Al Qarra – Le Zimbabwe a ouvert mercredi la saison commerciale du tabac, avec un volume de production le plus important depuis 10 ans.
Cette année, avec près de 150 000 tonnes de tabac annoncées sur le marché, la production du Zimbabwe est effectivement la plus importante depuis 2002. Et les récoltes des pays concurrents, comme le Brésil ou les Etats-Unis, sont en baisse en raison des intempéries. Un déficit qui devrait donc profiter aux fermiers zimbabwéens…
Elphanos MASHINGAIDZE, Président de Tobacco Growers Trust :
« Cette saison sera une bonne saison, tout le monde sortira gagnant. L’année dernière, beaucoup de producteurs avaient laissé tomber le tabac face à une offre abondante et à la faiblesse des prix, et ils ne pouvaient donc pas payer leurs crédits. Mais avec les prix actuels – s’ils restent au même niveau – les producteurs pourront rembourser leurs emprunts et augmenter leur surface de culture. Le Zimbabwe sera alors de retour sur le marché international. »
La réforme agraire et l’inflation avaient appauvri les fermiers.

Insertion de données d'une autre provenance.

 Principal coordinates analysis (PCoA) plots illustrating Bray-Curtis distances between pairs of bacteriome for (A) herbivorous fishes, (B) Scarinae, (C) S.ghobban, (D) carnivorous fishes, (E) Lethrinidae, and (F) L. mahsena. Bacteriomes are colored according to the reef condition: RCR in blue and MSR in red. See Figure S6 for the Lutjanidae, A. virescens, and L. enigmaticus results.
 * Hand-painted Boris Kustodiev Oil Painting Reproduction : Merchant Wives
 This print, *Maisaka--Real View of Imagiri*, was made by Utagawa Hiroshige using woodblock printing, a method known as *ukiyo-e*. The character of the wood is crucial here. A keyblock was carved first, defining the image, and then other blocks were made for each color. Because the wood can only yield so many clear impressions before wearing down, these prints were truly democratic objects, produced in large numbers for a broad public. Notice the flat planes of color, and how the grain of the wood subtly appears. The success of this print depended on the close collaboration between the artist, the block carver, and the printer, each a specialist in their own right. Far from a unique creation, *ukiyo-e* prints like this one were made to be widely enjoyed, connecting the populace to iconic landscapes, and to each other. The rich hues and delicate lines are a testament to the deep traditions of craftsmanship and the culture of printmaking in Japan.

Mais la situation s’est largement améliorée avec l’abandon de la monnaie nationale au profit du dollar et la formation d’un gouvernement d’union nationale début 2009. Selon le bureau de l’industrie du tabac, les prix devraient dépasser ceux de 2011 (pour osciller entre 1,70 et 4,75 dollars le kilo).

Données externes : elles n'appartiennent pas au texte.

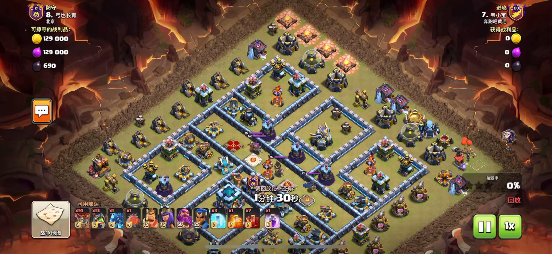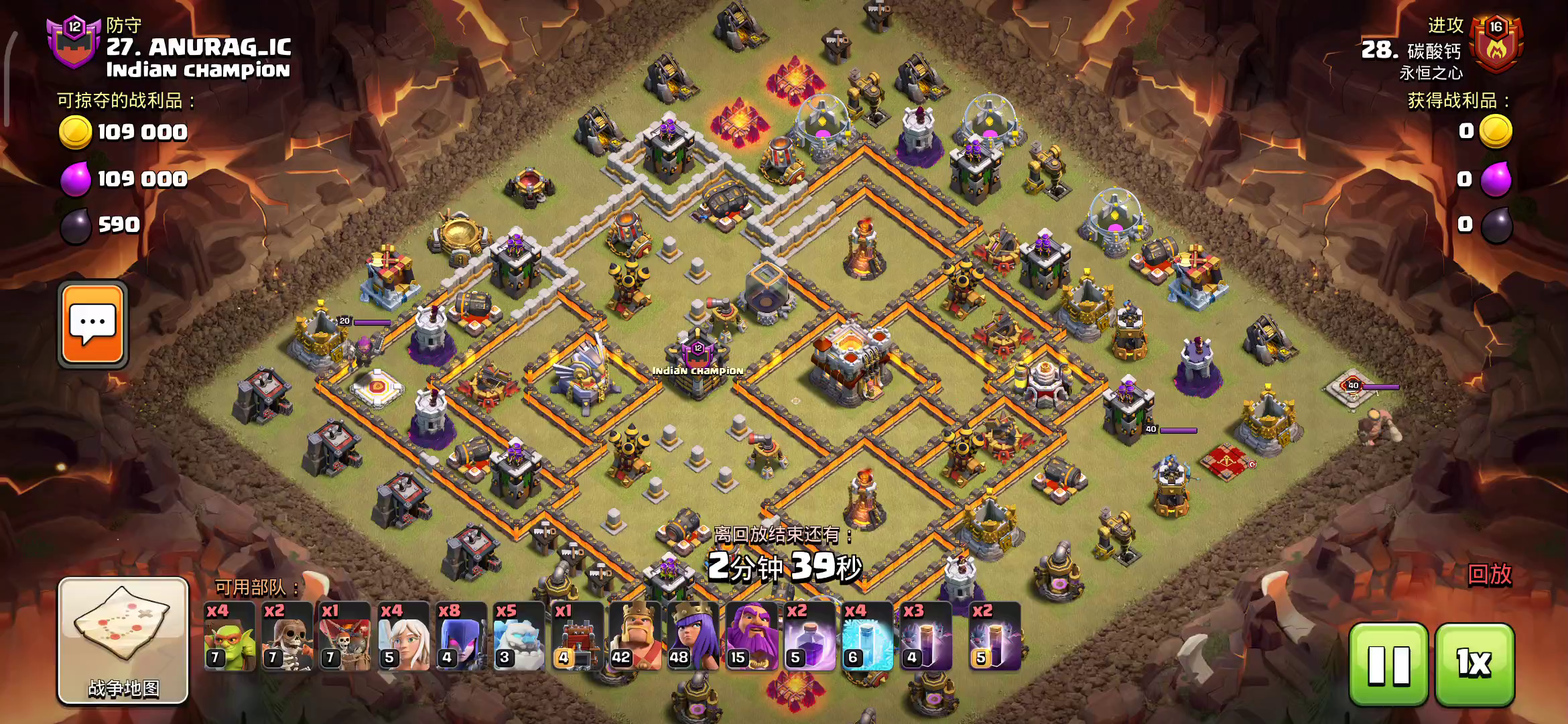 首先女王打掉鸟炮,注意清边配合,其次12点下滚木车,补上冰人,超级法师疯狂输出,后补上蝙蝠收尾。虽然最后一处法师塔失误,但仍旧三星。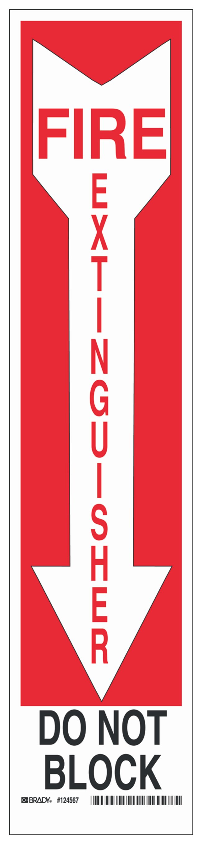 Improve workplace safety with proper signage and markings. This Brady™ self-adhesive mounted sign is a durable, clear and effective tool to mark fire extinguisher locations.
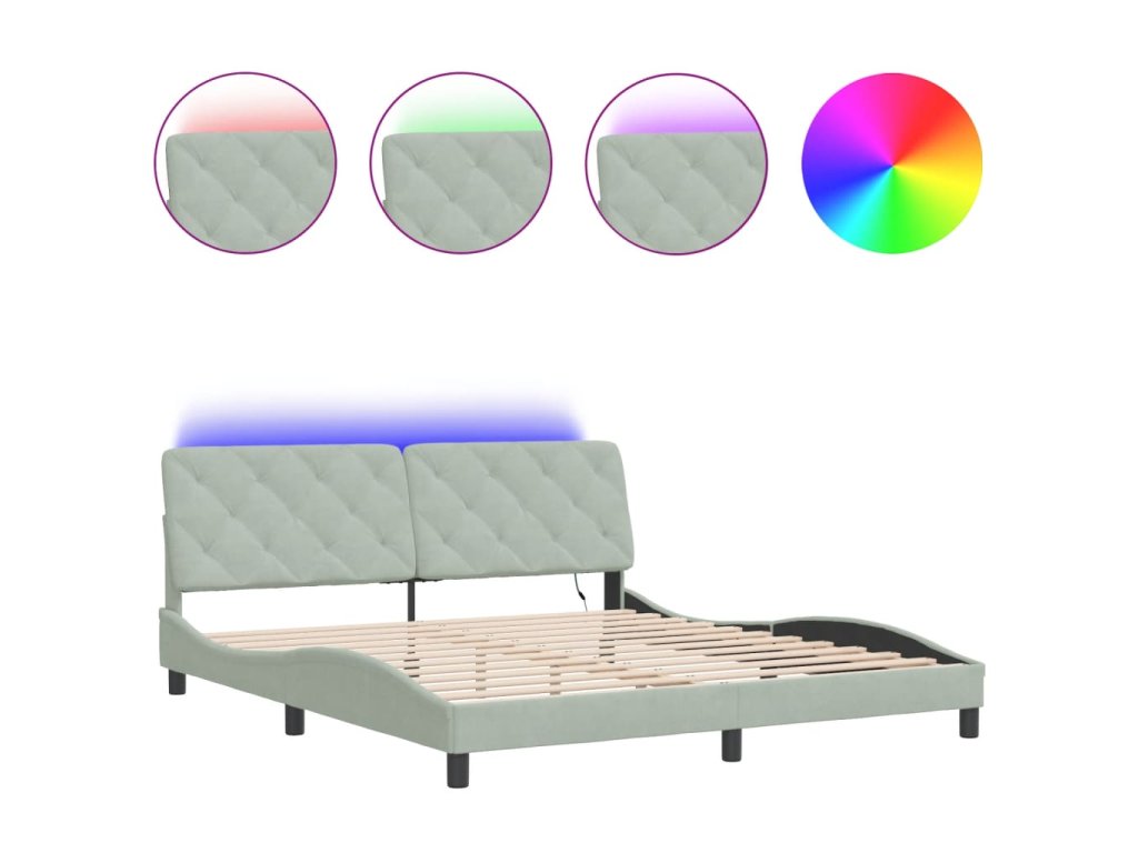Rám postele s LED bez matrace světle šedý 180 x 200 cm samet 3213867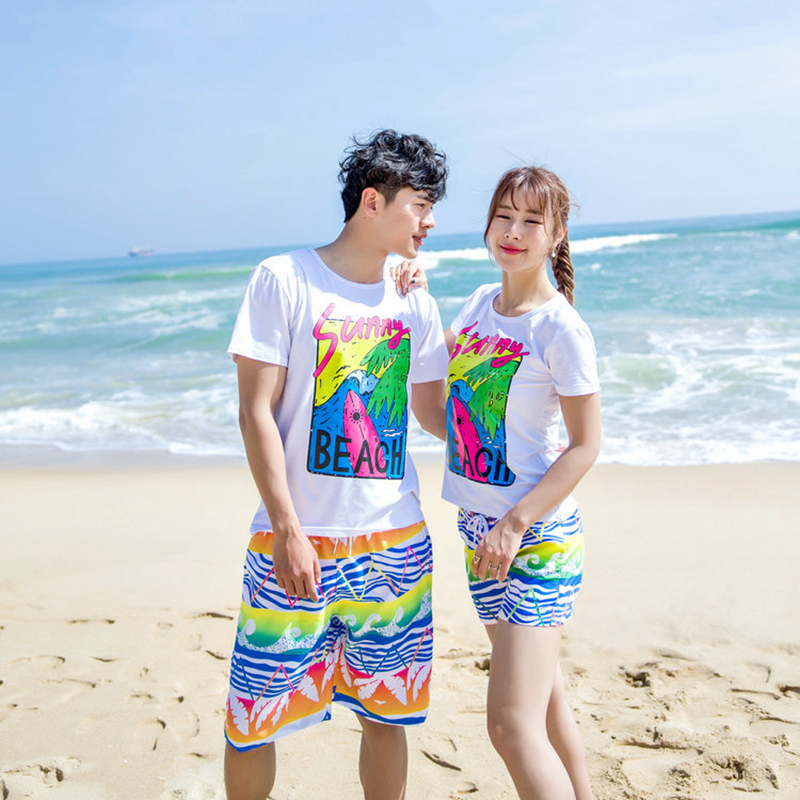 Korean version of the couple beach pants quick-drying men's and women's T-shirts lovers Maldives seaside travel holiday suit

Les petits exploitants prospèrent notamment grâce à la Chine, qui domine aujourd’hui un marché contrôlé jadis par les occidentaux. Le géant asiatique soutient financièrement certains producteurs zimbabwéens et achètent plus de 70% des récoltes.
Elphanos MASHINGAIDZE, Président de Tobacco Growers Trust :
« Actuellement, plus de trois quart de notre tabac part vers l’orient, où il est récupéré par les Chinois. Ils ont l’argent pour payer, ils ont des fumeurs et ils sont vraiment enthousiastes. Ils sont arrivés en force. »
Le Zimbabwe fut le plus gros exportateur mondial de tabac. Après une chute à moins de 60 millions de kilos, le volume de tabac produit augmente depuis 2009, bien qu’il reste loin des 236 millions de kilos vendus en 2000.
La filière semble donc enfin se réorganiser, après une réforme agraire aux effets désastreux pour une culture qui est longtemps restée la première pourvoyeuse de devises du pays.
Selon le gouvernement, la production de tabac représente plus de la moitié des exportations agricoles du pays, et environ 30 % des exportations totales du pays, qui a longtemps été le grenier à grains de l’Afrique australe.